Ego has been a topic of deep thought for me over the past few months. As I have gone through challenging and hard times over the past eight years, I have inevitably changed. As my views of life have been challenged, I have developed a soft heart and a groundedness that have allowed me to be introspective and reflect on and connect with the world around me. For this reason, I am grateful for my illness and everything that it has taught me. Shifting my mindset from seeing my trials and tribulations as a curse to seeing them as a gift and a blessing has been one of the most important yet hardest mental shifts I have ever gone through. What it comes down to is that having a chronic illness has been a gift. It has changed how I view the world around me, and it has been a guide leading me towards mindfulness and letting go of my ego.
When we are in an egoic state, our egos are in full control of us. We become afraid of our emotions because we are powerless to them. As emotions arise, they come to us as if we are a small child holding the leash of a big and powerful untrained dog. The intent of being able to control and lead our emotions is there. We have the dog on a leash and are ready to take it for a walk, but in reality, as small, delicate children, we stand no chance of controlling this powerful beast. Leash or no leash, we have no choice: that dog is going to drag us around wherever it wants to go.

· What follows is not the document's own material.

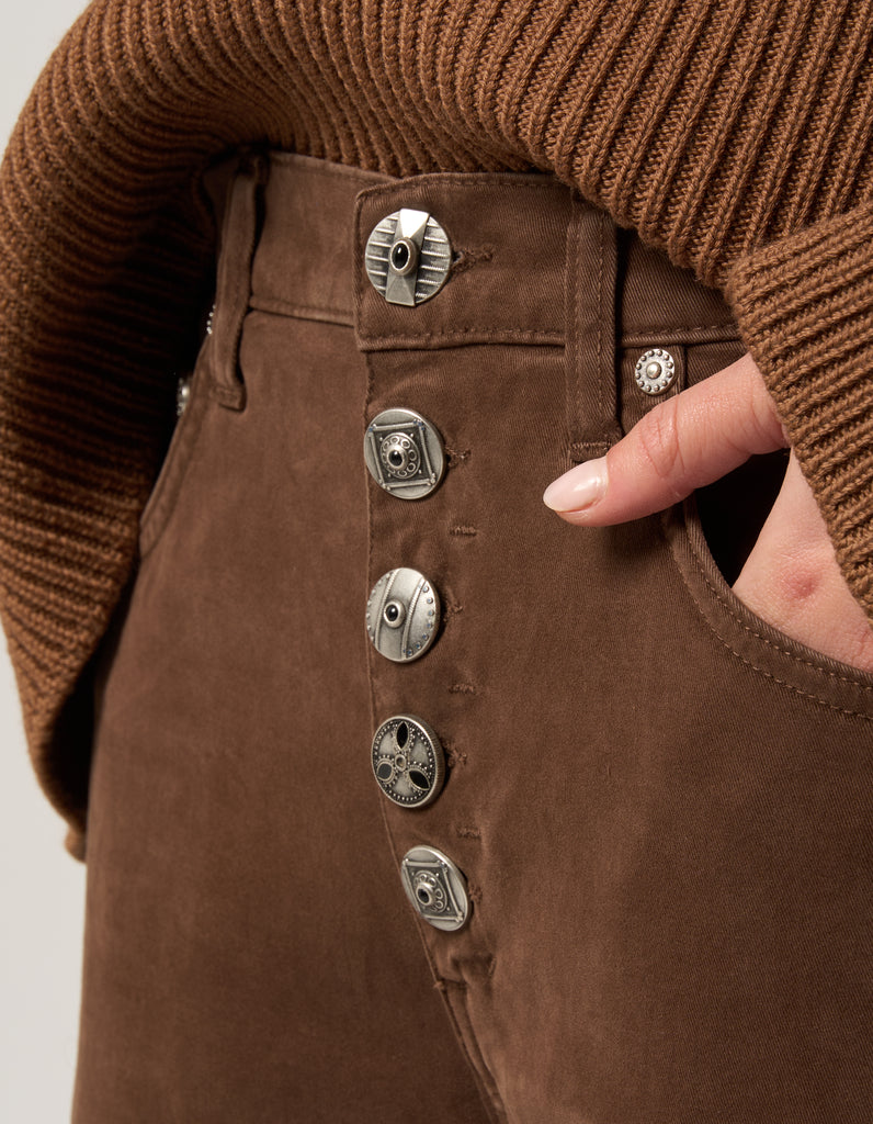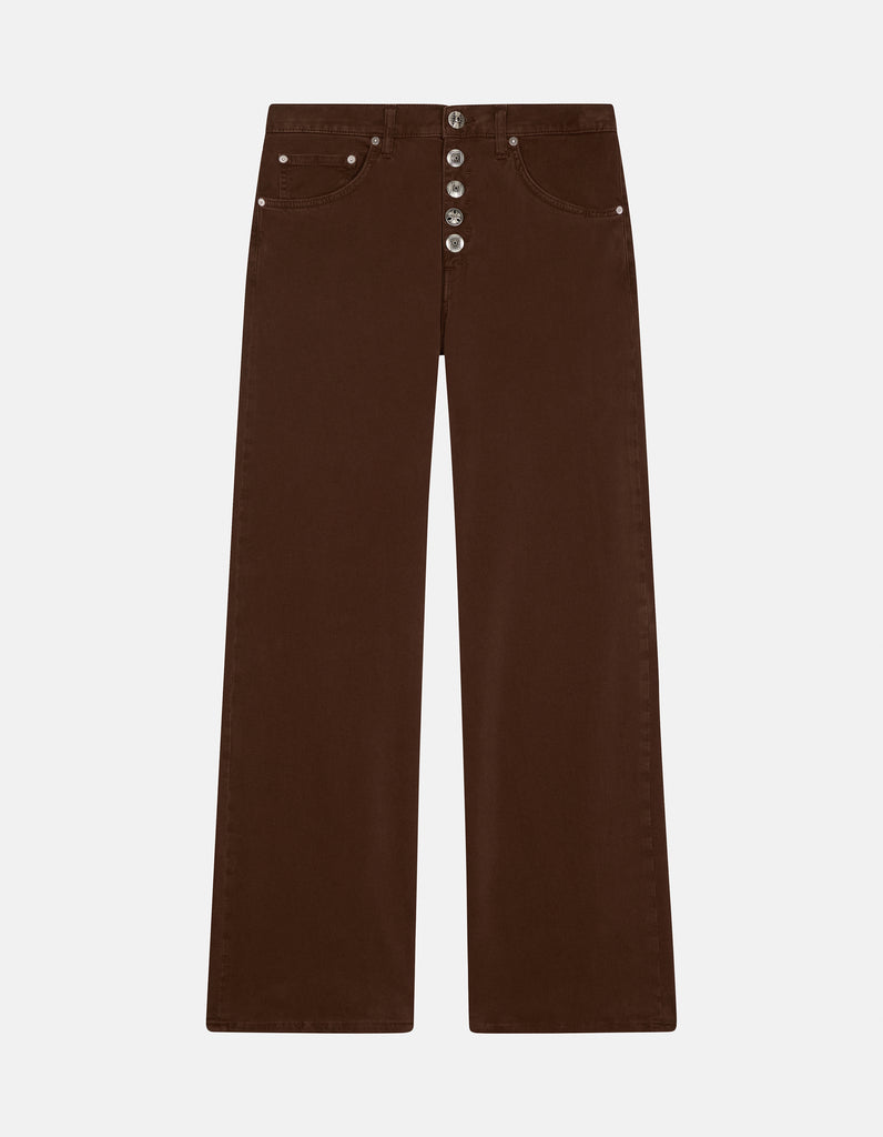 Pantaloni Jacklyn cinque tasche gamba larga fit, vita bassa, gamba a palazzo, bottoniera gioiello. La tintura in capo dona sfumature uniche e un effetto vissuto di grande tendenza, salpa multicolor. Logo Dondup

However, just like you can train a dog to walk on a leash without pulling, we can train our minds to be present, aware, and awake, which allows our egos to become a powerful tool rather than a leash to be dragged behind. In this present, aware, and awake state, instead of emotions controlling us and taking us for a ride, we become observers of the world, and in turn, our emotions lose their power over us. Being present is about experiencing without the story behind the experience. For example, you do not experience anxiety. Anxiety is actually the story of a set of physical sensations. Anxiety in itself is not a real thing. When you take away the label and story of anxiety, you are left with physical sensations like a racing heart, feeling hot, a tight chest, a trembling body, flushed skin, or an active mind. When you take the time to observe these physical sensations truly in the present without the story behind them, you will begin to see that they are powerless. In the present moment, they are only a sensation. Suffering from these sensations only happens in the past or the future when there is a story behind what you are feeling at that moment.
How exactly has having a chronic illness helped me deal with my ego? The answer is that it has given me a plethora of physical symptoms that, over the years, my body and mind have turned into some very long and complex stories. For the past eight years, there has been a very big and powerful dog dragging me around, and up until recently, I had not been paying attention to how my emotions were controlling my physical state, and as I have begun to work on my mindfulness, I have also started to work on deconstructing these stories and viewing my experiences in this world at face value and in the present moment. When you take the story away from your illness and you focus on just experiencing each moment, you suddenly stop relating to yourself as an ill person. You lose all expectations of what it means to be ill, and you simply be you at that moment.